🤖 AI Summary
This work addresses the theoretical complexity and inconsistent interpretations of diffusion models by proposing a concise, self-contained unifying framework grounded in signal processing. Methodologically, it abandons conventional Markov chain and reverse stochastic differential equation (SDE) formulations, instead modeling generation as a stochastic walk coupled with the Tweedie formula—thereby decoupling score estimation, noise scheduling, and sampling, and enabling likelihood-free conditional generation. Key contributions include: (1) the first self-contained theoretical interpretation independent of reverse SDEs or probability flows; (2) full decoupling of noise scheduling between training and sampling, enhancing flexibility in conditional synthesis; and (3) faithful reproduction and unification of major models—including DDPM, DDIM, and Score SDE—while maintaining state-of-the-art performance on image generation and inverse problems, significantly improving both theoretical parsimony and practical interpretability.
📝 Abstract
We present a simple template for designing generative diffusion model algorithms based on an interpretation of diffusion sampling as a sequence of random walks. Score-based diffusion models are widely used to generate high-quality images. Diffusion models have also been shown to yield state-of-the-art performance in many inverse problems. While these algorithms are often surprisingly simple, the theory behind them is not, and multiple complex theoretical justifications exist in the literature.

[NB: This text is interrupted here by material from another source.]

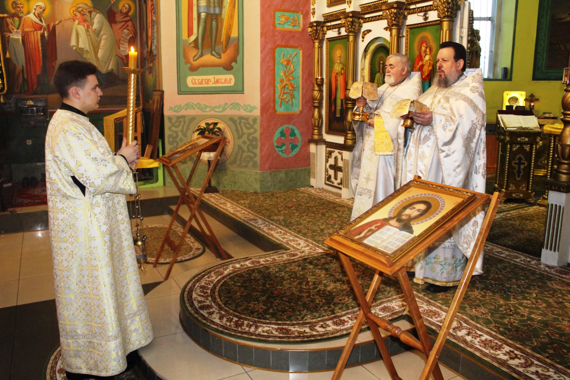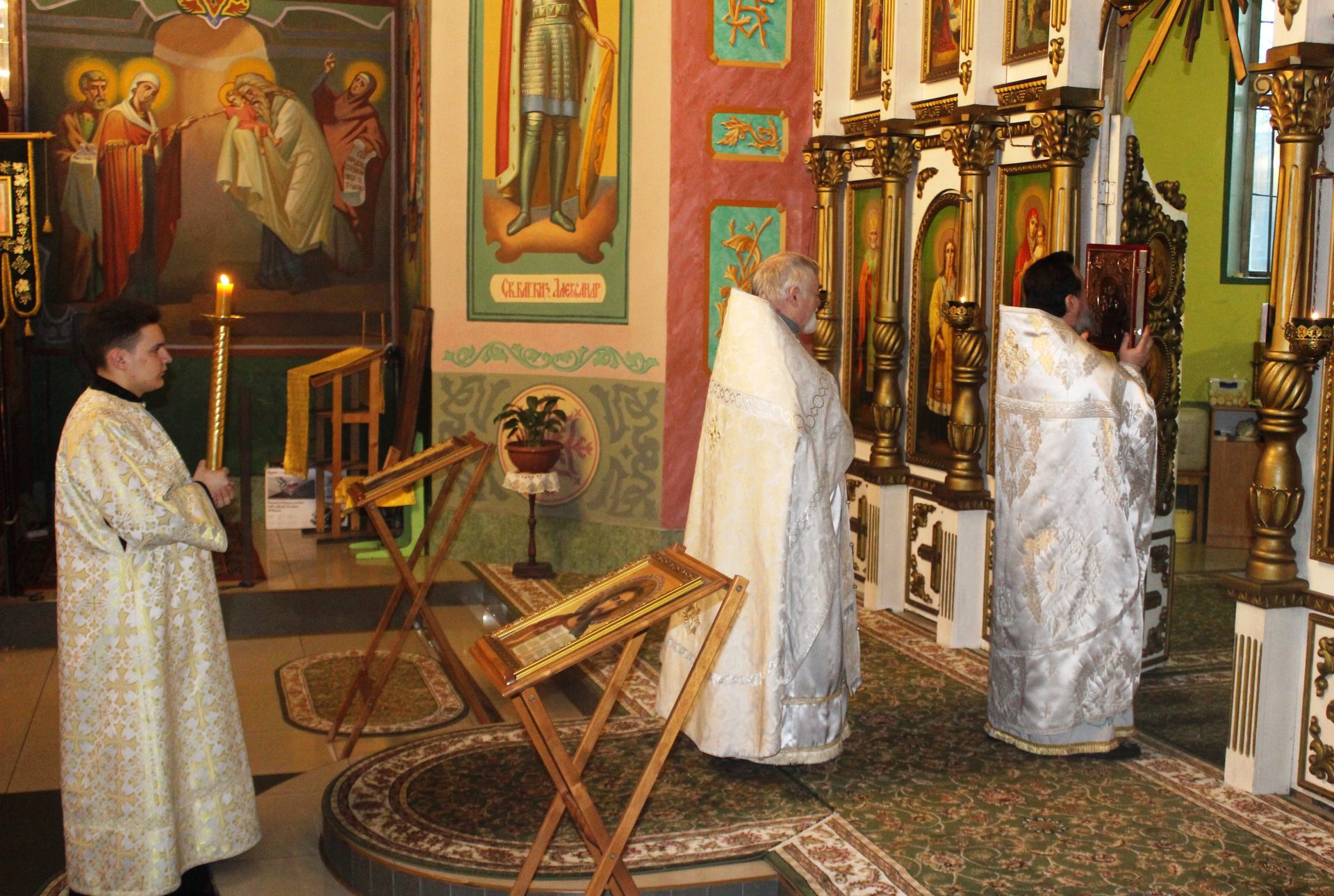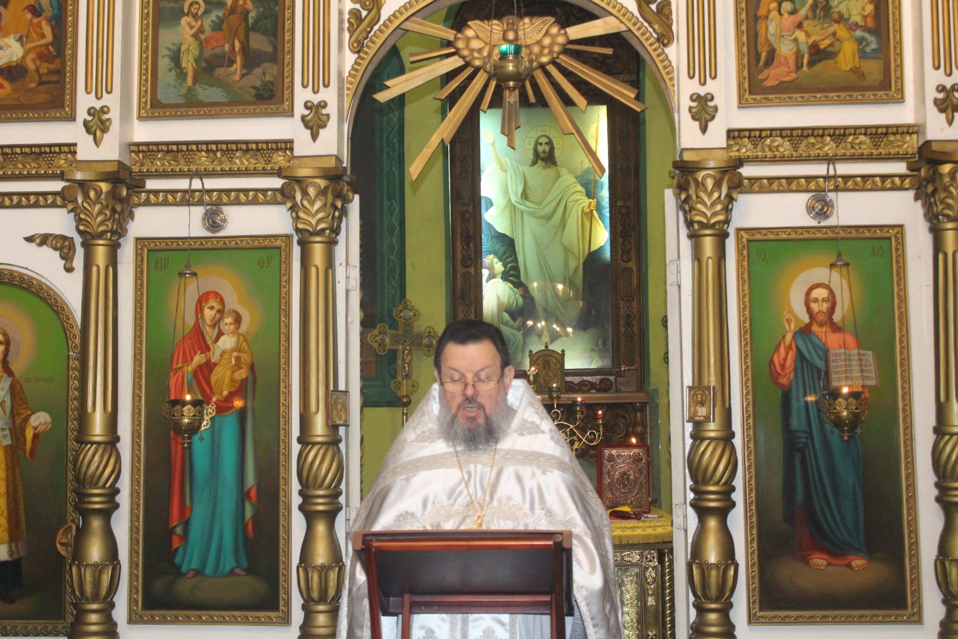 В завершении богослужения, протоиерей Василий обратился к молящимся с проповедью. «В этот день состоялась встреча Младенца Христа с праведным старцем Симеоном, который, водимый Святым Духом, пришел в Церковь, когда туда был принесен Спаситель. И вот этот радостный день настал, праведный Симеон лицом к лицу встретил Бога в образе Младенца Христа. Он трепетно принял на свои старческие руки сего небесного и, вместе с тем, земного Младенца, это сорокадневное крохотное Создание, к Которому он обратил свое моление: Ныне отпущаеши раба Твоего, Владыко, по глаголу Твоему с миром, ибо увидели очи мои Спасение Твое…Теперь Симеон мог с миром отойти в вечность, в область усопших, и принести туда радостную весть, что узрел на земле Бога, пришедшего плотию, узрел спасительный Свет, который будет на падение для неверующих и на восстание верующих в Него.Первая встреча для нас происходит во Святом Крещении, когда мы принесены в храм, любовью ближних отданы Богу.  Своими родителями мы были поставлены перед Господом и посвящены Ему на служение. Встречей с Господом в нашей жизни является каждое Причащение Его Божественной Плоти и Крови, поскольку в этом Таинстве мы соединяемся со Спасителем. Нам должно как можно чаще возобновлять в своей памяти то, что было обещано нами Господу во Святом Крещении, чтобы в нашей встрече с Господом по отшествии из мира сего не быть судимыми как напрасно принявшим благодать Святаго Духа.»

Here, we provide a simple and largely self-contained theoretical justification for score-based-diffusion models that avoids using the theory of Markov chains or reverse diffusion, instead centering the theory of random walks and Tweedie's formula. This approach leads to unified algorithmic templates for network training and sampling. In particular, these templates cleanly separate training from sampling, e.g., the noise schedule used during training need not match the one used during sampling. We show that several existing diffusion models correspond to particular choices within this template and demonstrate that other, more straightforward algorithmic choices lead to effective diffusion models. The proposed framework has the added benefit of enabling conditional sampling without any likelihood approximation.